Why do we not describe a duplication as an insertion?

Although duplications are basically a special type of insertion, there are several reasons why the recommendation is to describe duplications differently;
  • the description is simple and shorter,
  • it is clear and prevents confusion regarding the position when an insertion is incorrectly reported like "Ala22insGly".

How should I describe the change "MetArgThrGlySerSerHisGlnTrpPhe" to "MetArgThrGlySerSerHisGlySerSerGlnTrpPhe"? The fact that the inserted sequence (GlySerSer) is present in the original sequence suggests it derives from a duplicative event.

The variant should be described as an insertion; p.His7_Gln8insGly4_Ser6. A description using "dup" is not correct since, by definition, a duplication should be directly 3'-flanking of the original copy (in tandem). Note that the description given still makes it clear that the sequence inserted between p.His7 and pGln8 is probably derived from nearby, i.e. position p.Gly4 to p.Ser6, and thus likely derived from a duplicative event.

What do you mean with "variants should be described on the protein level and not incorporate knowledge regarding the change at the DNA-level"?

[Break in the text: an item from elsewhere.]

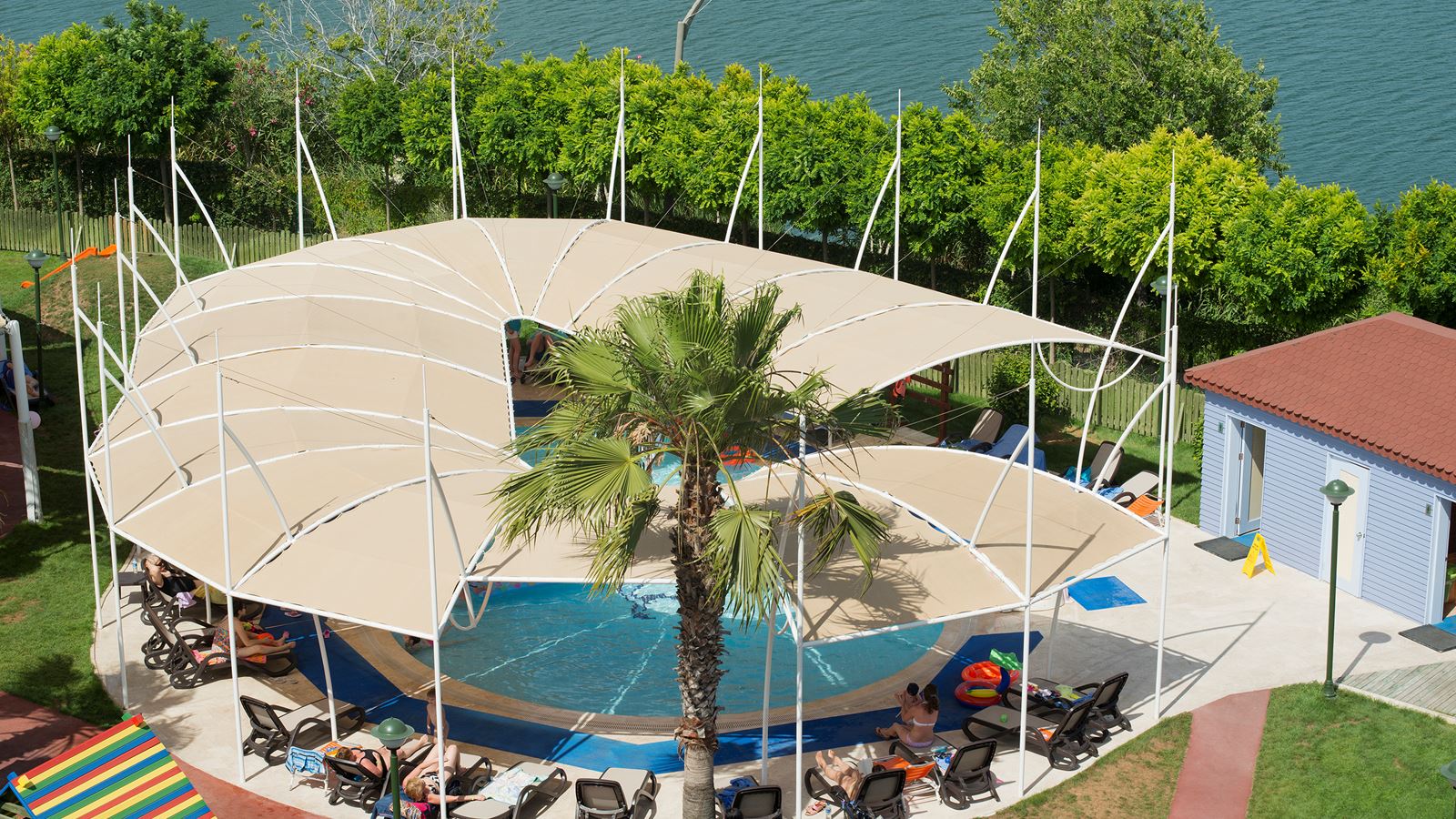 Basseinid täiskasvanutele: 4 | Välibassein (suurus 448 m2, sügavus 140 cm) Välibassein (suurus 450 m2, sügavus 140 cm) Välibassein (suurus 302 m2, sügavus 140 cm) Sisebassein (Soojendatud, suurus 108 m2, sügavus 140 cm) |

It means that protein variant descriptions should be derived from comparing the variant protein sequence with the reference protein sequence. Knowledge on the underlying change at the DNA level should not be used. E.g. when MetTrpSerSerSerHisAsp.. changes to MetTrpSerSerSerSerHisAsp.. this is described as p.Ser5dup. The information that at the DNA level the change is ..ATGTGGTCCAGTTCCCACGAT.. to ..ATGTGGTCCAGTAGTTCCCACGAT.., so the codon for Ser4 is duplicated, is not used; the description p.Ser4dup is not correct.